This has been talked in the archives since 2008. In viewing this competition for several years, this may seem unfair but I against making the scale more granular. Essentially we would be providing tiny rewards for tiny amounts of work. I am not sure that really motivates people. There plenty of articles that really should be stubs. How many wikis just have a big table for their "Periodic Table" article. When you have a thousand articles it all averages out. --MarsRover 07:42, 25 May 2014 (UTC)Reply
It should also be noted that this number includes everything - actual readable text plus wiki-markup, references, infoboxes, categories etc. Excluding technicalities, the actual encyclopedic content needed to go above the "stub" designation will in some cases amount to less than 5000 characters without spaces. That, in my opinion, is not too harsh. An alternative to granulation (which I agree doesn't make much sense) would be to count pages with less than, say, 200 characters as non-existing. Arguably, such a page with a line of text and a picture can hardly be called an encyclopedic article or even a lexicon entry, so it would make sense. Of course editors could still circumvent this new feature by adding templates, categories, and such, but that is true for every threshold we use. — Yerpo Eh? 10:10, 25 May 2014 (UTC)Reply
Yerpo, I support your idea. Yes one-liners, less than 100 or 200 char) should not be counted. A number of wikis do not accept them anyway (like we try at swwiki to keep them out) but a number of wikis have these tiny non-articles. Eg. I found a lot in yowiki. This has 31 k content but only 5.4 k in "alternate article count" (Articles that contain at least one internal link and 200 (ja,ko,zh:50) characters readable text, disregarding wiki- and html codes, hidden links, etc.; also headers do not count). On swwiki the relation is 28k/24k but yowiki will always be on top. Why is this easily accessible so misleading and the other one so difficult to find? And why is this misleading table put on such a prominent position? 31.59.81.84 13:08, 3 June 2015 (UTC)Reply

I was curious, so I ran the script again after this month's update, set so that it counted pages with less than 200 characters as absent. About two thirds of Wikipedias would lose at least 0.01 point on this account, with 27 losing 0.5 or more, and four losing over 1 point.

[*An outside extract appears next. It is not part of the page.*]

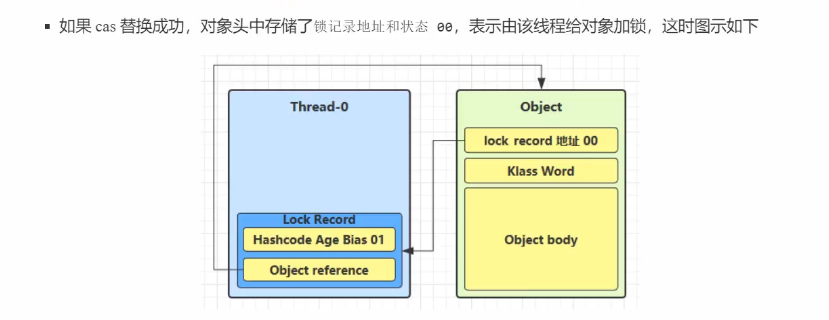 该对象obj成为mointer对象的所有者owner,并将对象头的Mark Word设置为 Monitor对象地址,锁标志位改为10标记为重量级锁;

The infamous record goes to :pnbwiki where 3.31 points are due to nano-stubs like that (which is nicely indicated by their average and median sizes). — Yerpo Eh? 19:38, 5 June 2015 (UTC)Reply

That speaks for changing to that. I see two reasons for nano-stubs: unexperienced users trying to start an entry which stays as a very short definition - and very experienced users who work with an eye to rankings like this and found out that even one-word-entries help your statistics. Change to alternative count will discourage that behaviour and encourage to work on mini stubs. And if alternative count: use the same like Erik Zachte does, because it is not very helpful to find different scales every where. Kipala (talk) 04:42, 12 June 2015 (UTC)Reply

Please help updating this edit

The list supposes to be updated on 1 August, but it has still not been updated after one-third of the month. Would somebody help updating this? Thank you very much. --Yaukasin (talk) 02:47, 10 August 2014 (UTC)Reply

I haven't got enough time this month, hopefully someone else can install mw:Manual:Pywikibot and run the scripts at List of Wikipedias by sample of articles/Source code. Boivie (talk) 05:56, 11 August 2014 (UTC)Reply
I'm afraid this is not as simple as just run the script and get results. I think someone need to have some additional lists or data (i.e. ItemList.txt for getting list of articles), and MarsRover does this before, so if he could make these data/lists public available, someone else could update it too. --C3r4 (talk) 08:45, 11 August 2014 (UTC)Reply
ItemList.txt is created when running the script GetItemList.py. I wouldn't say it's easy to set up the Pywikibot, and run the scripts as expected. But it can be done, without any other lists or data. Boivie (talk) 13:07, 11 August 2014 (UTC)Reply

Any word from MarsRover? Did he give up on this or is he just on vacation? — Yerpo Eh? 07:36, 13 August 2014 (UTC)Reply

I updated it. But I'll probably need to hand it off to someone else in the future. --MarsRover 08:07, 15 August 2014 (UTC)Reply
So if one is interested in taking over (theoretically), how much effort does it actually take to build the neat tables on these pages aside from running the script(s) and copying the output? — Yerpo Eh? 09:49, 17 August 2014 (UTC)Reply
2 days to run the scripts and about 30 minutes to copy the output. That basically all there is to do. I've been meaning to make a this bot process but alas I have no time. --MarsRover
I've been struggling to run GetItemList.py, is the version at List of Wikipedias by sample of articles/Source code the most recent one? In particular, the "wikipedia" module for Python has a very different set of attributes than what's called by the script (for example, the line meta_wiki = wikipedia.site('meta', 'meta') doesn't work because the "site" attribute doesn't exist). Or is there something else that I've missed? — Yerpo Eh? 13:33, 31 August 2014 (UTC)Reply
Seems they weren't updated after the last big change of pywikibot. Should be fixed now. Boivie (talk) 16:00, 31 August 2014 (UTC)Reply
Oh, so it was a pywikibot attribute. Works like a charm now, thanks. :) — Yerpo Eh? 16:47, 31 August 2014 (UTC)Reply

Okay then, I will run the script for this month (probably next weekend) and see how it goes. If everything works smoothly, I can take over the updating at least for a while, but my Python skills are rather rudimentary, so I'll have to ask for help in case of problems in the future (like the abovementioned Pywikibot update). — Yerpo Eh? 09:02, 1 September 2014 (UTC)Reply

Thanks, Yerpo! And good luck. A. Mahoney (talk) 16:20, 2 September 2014 (UTC)Reply
Thanks for Yerpo's update--Wolfch (talk) 14:20, 3 September 2014 (UTC)Reply

It did go smoothly, there were only a few minor glitches, if somebody would like to try solving.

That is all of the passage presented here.